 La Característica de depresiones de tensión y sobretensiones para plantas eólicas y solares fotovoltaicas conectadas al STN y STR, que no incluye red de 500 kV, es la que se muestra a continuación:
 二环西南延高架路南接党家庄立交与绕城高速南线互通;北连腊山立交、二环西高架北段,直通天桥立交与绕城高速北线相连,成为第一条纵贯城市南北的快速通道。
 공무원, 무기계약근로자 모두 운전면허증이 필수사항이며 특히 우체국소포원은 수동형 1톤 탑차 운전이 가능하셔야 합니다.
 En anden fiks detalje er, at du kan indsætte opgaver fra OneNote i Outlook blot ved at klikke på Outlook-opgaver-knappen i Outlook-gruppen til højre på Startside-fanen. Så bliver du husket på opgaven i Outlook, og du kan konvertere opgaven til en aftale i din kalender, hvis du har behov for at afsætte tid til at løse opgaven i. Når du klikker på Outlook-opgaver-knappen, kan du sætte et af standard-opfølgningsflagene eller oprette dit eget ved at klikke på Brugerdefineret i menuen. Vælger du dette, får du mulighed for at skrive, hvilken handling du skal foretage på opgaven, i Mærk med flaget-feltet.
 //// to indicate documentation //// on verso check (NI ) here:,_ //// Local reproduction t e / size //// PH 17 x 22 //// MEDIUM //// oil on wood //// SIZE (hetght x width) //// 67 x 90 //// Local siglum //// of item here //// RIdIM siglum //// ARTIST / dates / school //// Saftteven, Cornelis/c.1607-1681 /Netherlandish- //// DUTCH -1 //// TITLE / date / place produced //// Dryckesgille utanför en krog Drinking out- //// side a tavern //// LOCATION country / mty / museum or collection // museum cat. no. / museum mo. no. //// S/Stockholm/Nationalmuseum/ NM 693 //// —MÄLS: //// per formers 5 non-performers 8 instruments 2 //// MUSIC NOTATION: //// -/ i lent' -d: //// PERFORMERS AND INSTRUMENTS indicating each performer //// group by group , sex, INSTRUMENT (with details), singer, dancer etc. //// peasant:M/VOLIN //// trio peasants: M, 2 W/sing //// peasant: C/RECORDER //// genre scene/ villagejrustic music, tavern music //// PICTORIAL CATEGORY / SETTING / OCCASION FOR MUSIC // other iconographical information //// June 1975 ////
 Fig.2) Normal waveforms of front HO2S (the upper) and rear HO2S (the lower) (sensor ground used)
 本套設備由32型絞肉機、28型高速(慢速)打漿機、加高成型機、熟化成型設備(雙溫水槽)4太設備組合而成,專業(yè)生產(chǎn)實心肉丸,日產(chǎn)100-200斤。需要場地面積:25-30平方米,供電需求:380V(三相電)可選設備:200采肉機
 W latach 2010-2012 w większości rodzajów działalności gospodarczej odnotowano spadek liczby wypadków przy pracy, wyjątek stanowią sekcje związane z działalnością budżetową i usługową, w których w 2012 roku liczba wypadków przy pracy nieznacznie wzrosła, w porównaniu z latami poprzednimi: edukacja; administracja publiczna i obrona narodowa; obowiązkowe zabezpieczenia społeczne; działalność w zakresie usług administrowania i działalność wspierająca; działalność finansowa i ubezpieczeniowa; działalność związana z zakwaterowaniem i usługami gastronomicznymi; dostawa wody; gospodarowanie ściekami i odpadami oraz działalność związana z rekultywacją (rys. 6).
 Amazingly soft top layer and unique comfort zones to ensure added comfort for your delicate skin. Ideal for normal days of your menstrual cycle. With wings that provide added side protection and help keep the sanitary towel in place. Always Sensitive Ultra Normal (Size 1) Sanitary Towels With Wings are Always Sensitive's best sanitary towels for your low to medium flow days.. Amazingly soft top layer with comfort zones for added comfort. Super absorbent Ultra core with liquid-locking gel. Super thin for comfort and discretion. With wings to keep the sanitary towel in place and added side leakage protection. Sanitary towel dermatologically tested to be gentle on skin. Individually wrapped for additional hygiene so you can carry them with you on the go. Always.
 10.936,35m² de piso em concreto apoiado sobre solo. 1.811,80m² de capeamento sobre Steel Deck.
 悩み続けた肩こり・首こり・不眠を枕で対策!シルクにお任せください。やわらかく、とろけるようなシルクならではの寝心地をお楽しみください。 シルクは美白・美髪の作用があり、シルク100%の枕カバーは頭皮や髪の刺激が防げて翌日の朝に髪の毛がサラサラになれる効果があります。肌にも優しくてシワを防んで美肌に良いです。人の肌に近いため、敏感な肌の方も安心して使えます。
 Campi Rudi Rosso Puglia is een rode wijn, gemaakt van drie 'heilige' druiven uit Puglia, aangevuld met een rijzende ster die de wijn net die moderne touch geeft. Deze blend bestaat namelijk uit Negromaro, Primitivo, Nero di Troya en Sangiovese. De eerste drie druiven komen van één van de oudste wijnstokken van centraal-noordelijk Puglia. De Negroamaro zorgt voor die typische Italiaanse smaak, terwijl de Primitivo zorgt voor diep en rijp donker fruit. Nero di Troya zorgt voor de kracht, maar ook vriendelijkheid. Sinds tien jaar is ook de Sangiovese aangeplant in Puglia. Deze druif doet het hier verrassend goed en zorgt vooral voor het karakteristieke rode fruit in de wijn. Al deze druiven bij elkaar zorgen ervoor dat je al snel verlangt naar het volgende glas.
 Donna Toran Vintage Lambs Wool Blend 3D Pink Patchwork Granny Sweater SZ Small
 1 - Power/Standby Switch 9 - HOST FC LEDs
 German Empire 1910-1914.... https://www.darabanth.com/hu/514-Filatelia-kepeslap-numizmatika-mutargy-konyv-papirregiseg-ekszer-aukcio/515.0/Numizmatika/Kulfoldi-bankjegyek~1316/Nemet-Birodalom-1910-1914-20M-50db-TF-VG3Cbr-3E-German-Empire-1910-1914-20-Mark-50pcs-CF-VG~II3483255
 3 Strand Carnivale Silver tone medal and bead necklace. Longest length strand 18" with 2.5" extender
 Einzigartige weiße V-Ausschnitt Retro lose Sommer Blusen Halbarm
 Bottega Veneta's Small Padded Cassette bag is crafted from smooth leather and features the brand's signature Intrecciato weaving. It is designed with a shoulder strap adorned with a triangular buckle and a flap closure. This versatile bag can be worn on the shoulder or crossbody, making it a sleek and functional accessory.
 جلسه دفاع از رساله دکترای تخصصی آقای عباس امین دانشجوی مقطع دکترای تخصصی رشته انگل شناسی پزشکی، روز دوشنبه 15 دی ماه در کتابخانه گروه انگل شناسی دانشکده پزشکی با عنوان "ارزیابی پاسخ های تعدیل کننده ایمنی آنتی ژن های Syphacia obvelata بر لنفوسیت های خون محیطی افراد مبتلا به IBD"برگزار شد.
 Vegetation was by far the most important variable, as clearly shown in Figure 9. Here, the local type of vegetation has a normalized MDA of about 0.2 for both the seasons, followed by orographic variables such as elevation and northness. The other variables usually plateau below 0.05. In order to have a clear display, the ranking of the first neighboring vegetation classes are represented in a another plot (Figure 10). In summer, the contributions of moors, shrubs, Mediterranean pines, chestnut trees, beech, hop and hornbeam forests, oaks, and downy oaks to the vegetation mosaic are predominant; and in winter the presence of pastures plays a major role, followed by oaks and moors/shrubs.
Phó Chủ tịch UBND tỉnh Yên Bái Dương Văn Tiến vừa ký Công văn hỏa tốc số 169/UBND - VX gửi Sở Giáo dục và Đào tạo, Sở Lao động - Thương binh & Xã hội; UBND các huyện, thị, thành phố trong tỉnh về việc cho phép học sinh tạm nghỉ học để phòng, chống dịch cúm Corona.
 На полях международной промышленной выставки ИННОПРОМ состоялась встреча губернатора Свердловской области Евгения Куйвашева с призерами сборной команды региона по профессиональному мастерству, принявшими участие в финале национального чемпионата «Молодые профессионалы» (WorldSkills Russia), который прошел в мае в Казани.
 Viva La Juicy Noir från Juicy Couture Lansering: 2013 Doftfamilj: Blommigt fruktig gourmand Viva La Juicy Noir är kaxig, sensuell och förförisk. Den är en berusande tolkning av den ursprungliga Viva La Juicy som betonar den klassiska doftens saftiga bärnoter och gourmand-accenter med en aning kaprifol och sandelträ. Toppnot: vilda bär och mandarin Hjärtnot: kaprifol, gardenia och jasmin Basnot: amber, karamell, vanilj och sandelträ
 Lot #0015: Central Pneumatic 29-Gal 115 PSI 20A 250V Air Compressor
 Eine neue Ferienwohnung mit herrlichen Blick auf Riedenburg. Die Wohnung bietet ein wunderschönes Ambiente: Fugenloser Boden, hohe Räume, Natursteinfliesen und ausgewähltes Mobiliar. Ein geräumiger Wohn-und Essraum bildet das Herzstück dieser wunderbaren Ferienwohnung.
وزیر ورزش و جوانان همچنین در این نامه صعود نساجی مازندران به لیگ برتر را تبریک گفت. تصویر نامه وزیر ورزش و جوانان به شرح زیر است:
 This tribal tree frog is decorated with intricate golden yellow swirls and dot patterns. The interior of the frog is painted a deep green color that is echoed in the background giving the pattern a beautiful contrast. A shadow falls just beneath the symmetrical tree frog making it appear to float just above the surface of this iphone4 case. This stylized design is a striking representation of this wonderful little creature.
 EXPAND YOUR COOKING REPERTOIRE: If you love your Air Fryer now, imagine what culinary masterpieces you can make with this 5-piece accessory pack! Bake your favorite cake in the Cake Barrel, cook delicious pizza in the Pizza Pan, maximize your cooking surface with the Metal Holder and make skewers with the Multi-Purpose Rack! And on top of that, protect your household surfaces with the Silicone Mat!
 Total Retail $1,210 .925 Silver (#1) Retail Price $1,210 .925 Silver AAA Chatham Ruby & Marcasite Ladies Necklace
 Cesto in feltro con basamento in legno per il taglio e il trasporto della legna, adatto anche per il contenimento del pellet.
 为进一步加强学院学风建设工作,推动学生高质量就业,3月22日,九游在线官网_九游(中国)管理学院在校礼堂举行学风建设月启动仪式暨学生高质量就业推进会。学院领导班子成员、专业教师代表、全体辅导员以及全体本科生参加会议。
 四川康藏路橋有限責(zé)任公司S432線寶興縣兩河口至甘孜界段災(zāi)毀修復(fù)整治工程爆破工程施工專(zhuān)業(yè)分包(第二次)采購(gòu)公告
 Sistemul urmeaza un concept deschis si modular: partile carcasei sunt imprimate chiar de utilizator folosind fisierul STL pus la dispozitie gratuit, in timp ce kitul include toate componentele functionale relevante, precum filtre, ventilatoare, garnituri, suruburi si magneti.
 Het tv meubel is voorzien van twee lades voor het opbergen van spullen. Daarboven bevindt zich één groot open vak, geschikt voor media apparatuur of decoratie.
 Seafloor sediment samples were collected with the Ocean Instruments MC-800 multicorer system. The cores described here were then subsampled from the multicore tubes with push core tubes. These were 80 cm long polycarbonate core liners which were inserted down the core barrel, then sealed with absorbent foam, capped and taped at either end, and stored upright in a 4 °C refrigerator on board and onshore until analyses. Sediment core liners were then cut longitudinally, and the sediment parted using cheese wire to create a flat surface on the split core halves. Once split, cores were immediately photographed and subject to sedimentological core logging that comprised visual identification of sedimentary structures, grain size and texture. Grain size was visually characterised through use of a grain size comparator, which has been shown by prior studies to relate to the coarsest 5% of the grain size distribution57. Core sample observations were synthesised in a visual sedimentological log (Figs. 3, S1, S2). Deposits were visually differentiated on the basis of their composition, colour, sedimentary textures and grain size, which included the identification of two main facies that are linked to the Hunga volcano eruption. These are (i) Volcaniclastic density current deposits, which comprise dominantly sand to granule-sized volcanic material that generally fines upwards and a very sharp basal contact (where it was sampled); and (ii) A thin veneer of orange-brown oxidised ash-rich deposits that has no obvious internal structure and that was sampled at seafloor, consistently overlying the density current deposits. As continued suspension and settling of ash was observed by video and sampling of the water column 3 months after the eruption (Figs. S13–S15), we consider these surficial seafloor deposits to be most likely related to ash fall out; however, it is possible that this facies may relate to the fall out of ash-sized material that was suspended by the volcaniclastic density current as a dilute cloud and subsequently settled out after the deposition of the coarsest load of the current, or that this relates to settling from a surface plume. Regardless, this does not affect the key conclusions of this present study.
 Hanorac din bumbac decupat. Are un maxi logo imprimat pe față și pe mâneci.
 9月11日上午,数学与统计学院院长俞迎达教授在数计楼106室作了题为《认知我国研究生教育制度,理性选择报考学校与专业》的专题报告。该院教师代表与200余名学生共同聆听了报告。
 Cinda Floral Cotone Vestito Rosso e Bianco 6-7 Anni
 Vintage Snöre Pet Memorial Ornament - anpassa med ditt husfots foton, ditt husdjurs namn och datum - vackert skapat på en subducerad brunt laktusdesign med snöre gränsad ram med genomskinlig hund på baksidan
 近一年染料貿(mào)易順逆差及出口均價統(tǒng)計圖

Work required: Set down each line exactly as it appears, starting at the top of the data and ending at the line containing "二环西南延高架路南接党家庄立", and include no other lines.

Solution:
 La Característica de depresiones de tensión y sobretensiones para plantas eólicas y solares fotovoltaicas conectadas al STN y STR, que no incluye red de 500 kV, es la que se muestra a continuación:
 二环西南延高架路南接党家庄立交与绕城高速南线互通;北连腊山立交、二环西高架北段,直通天桥立交与绕城高速北线相连,成为第一条纵贯城市南北的快速通道。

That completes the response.